Step two- check.  Visit and see your personal values in action.

In his first year, Sweet Boy was encouraged to use his words, pushed to pursue his love of learning, showed how to work out problems, and never treated like a bully as he was still learning to share and take turns.  He had a few rough patches during the winter when his asthma meds affected his personality, but the staff was very sensitive to the side effects of his medications.  I never got a report that was all negative.  There was always a bright spot to his day, and I always heard about it.

Step 3- check.  Make sure they actually like kids, in all their stages.

They saved a spot for us when they learned I was expecting.  Girlie had an amazing first year with them.  They gave us suggestions for dealing with Girlie’s lactose sensitivity and snuggled her during those 7 miserable months where she got 16 teeth.

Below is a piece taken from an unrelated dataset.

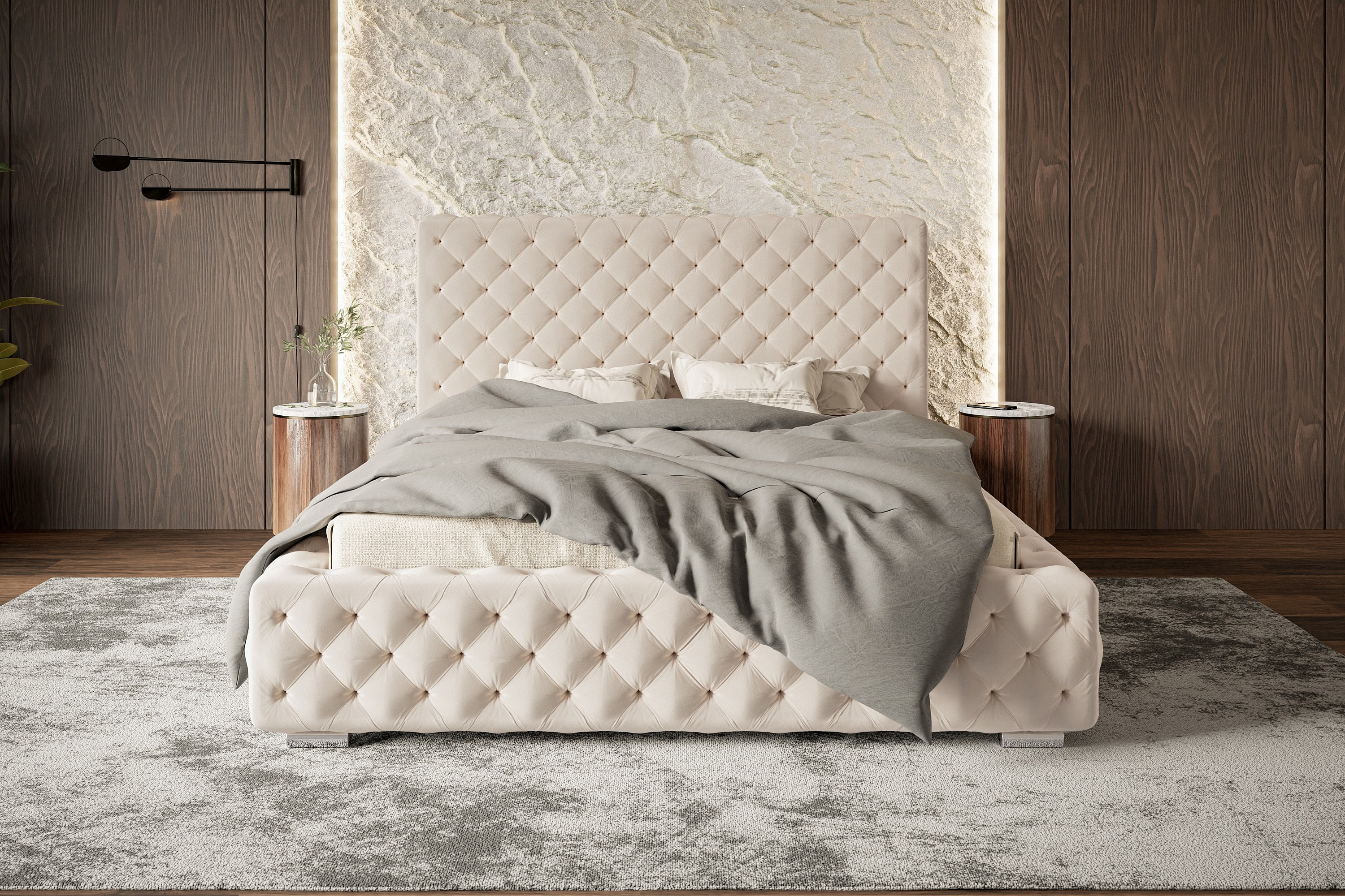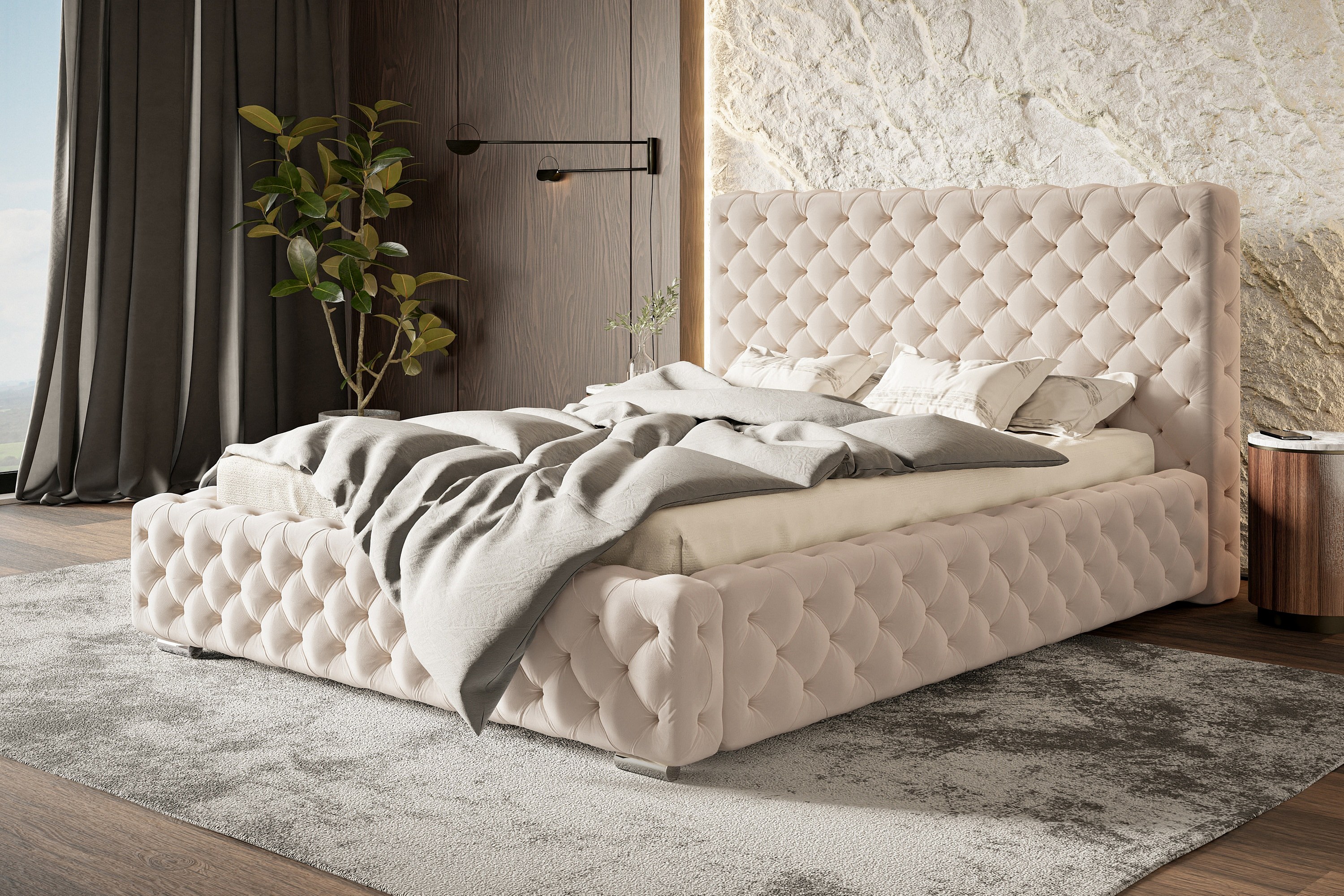 Lit rembourré Miami avec tête de lit, 160x200 cm, lit double avec coffre de rangement et sommier à lattes en bois, tissu velours, couleur : beige

As both my kids go through the “terrible twos” and the “Why threes?” the teachers guide them to be good people.  They teach them about letters, numbers, colors, dinosaurs, planting, cooking, animals, and outer-space.  And all that is wonderful.  But teaching them to be good people is what is most important to me.  Studies show that self-regulation and social skills are crucial in being ready for kindergarten, and I am so glad that is what my kids are getting.

As a working mom, knowing my kids are at a daycare with amazing teachers who have the same values and priorities makes sending my kids there so much easier.  And having seen the other side of the spectrum, I am so grateful for our daycare family.